→ Required work
Would you transcribe only the lines below, from the one containing "با برچسبهای دیواری" through the end of the material, exactly and with no pictures?

(Dataset section begins)

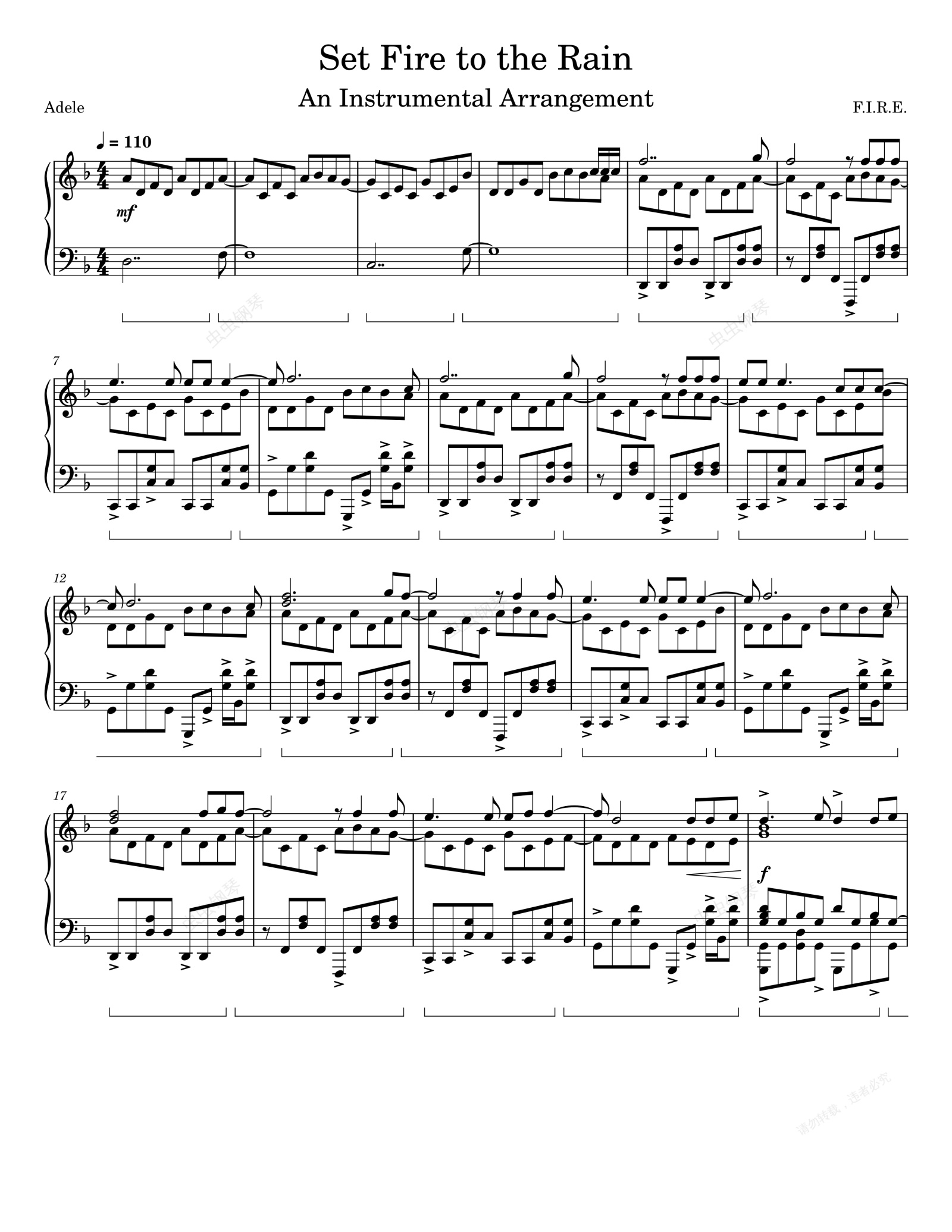 钢琴谱:阿黛尔-Adele-Set Fire to the Rain
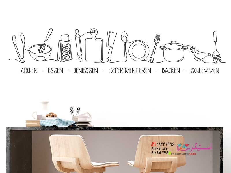 با برچسبهای دیواری تزئینی کلمات آشپزخانه با حاشیهای از ظروف آشپزخانهی طرحدار، به آشپزخانه یا اتاق غذاخوری خود ظاهری مدرن و خاص ببخشید.
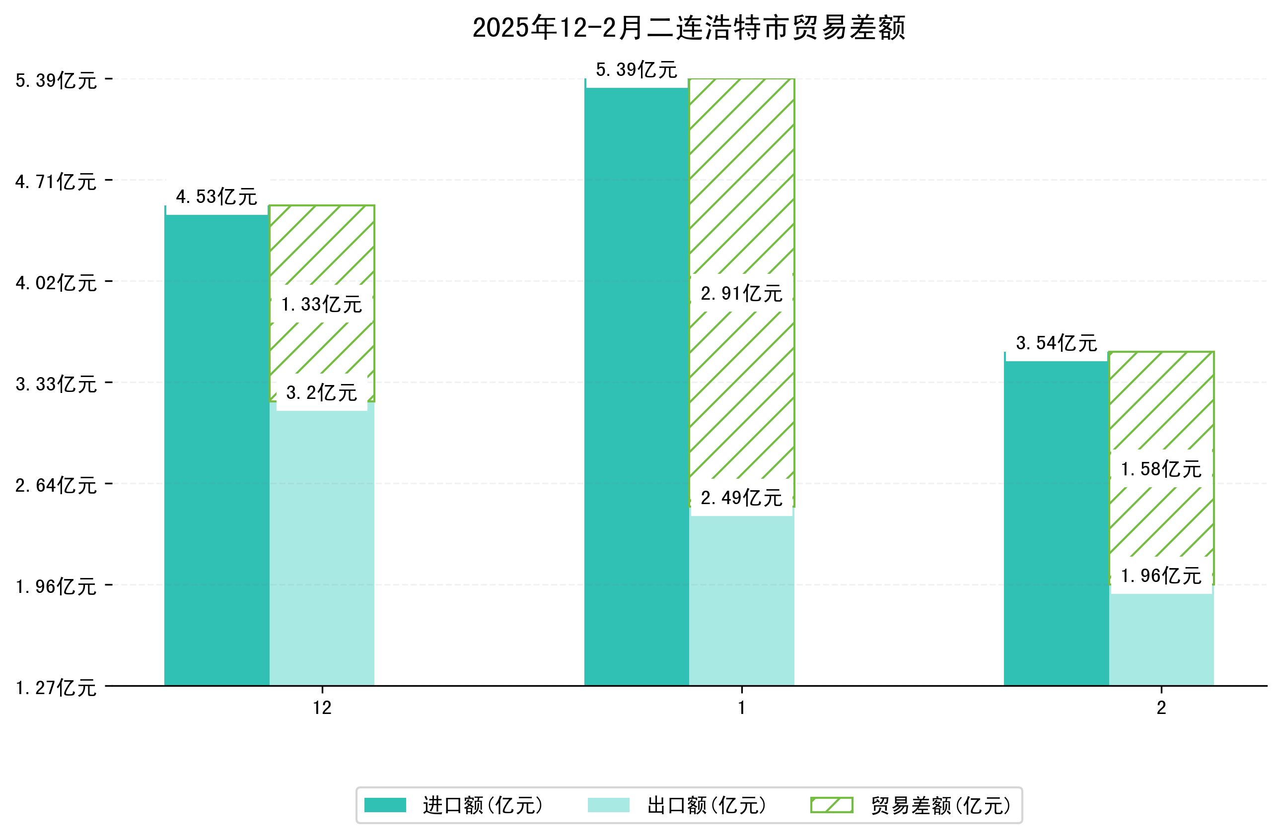 2025年2月二连浩特市进出口总额及进出口差额统计分析

(Dataset section ends)

→ The completed task
 با برچسبهای دیواری تزئینی کلمات آشپزخانه با حاشیهای از ظروف آشپزخانهی طرحدار، به آشپزخانه یا اتاق غذاخوری خود ظاهری مدرن و خاص ببخشید.
 2025年2月二连浩特市进出口总额及进出口差额统计分析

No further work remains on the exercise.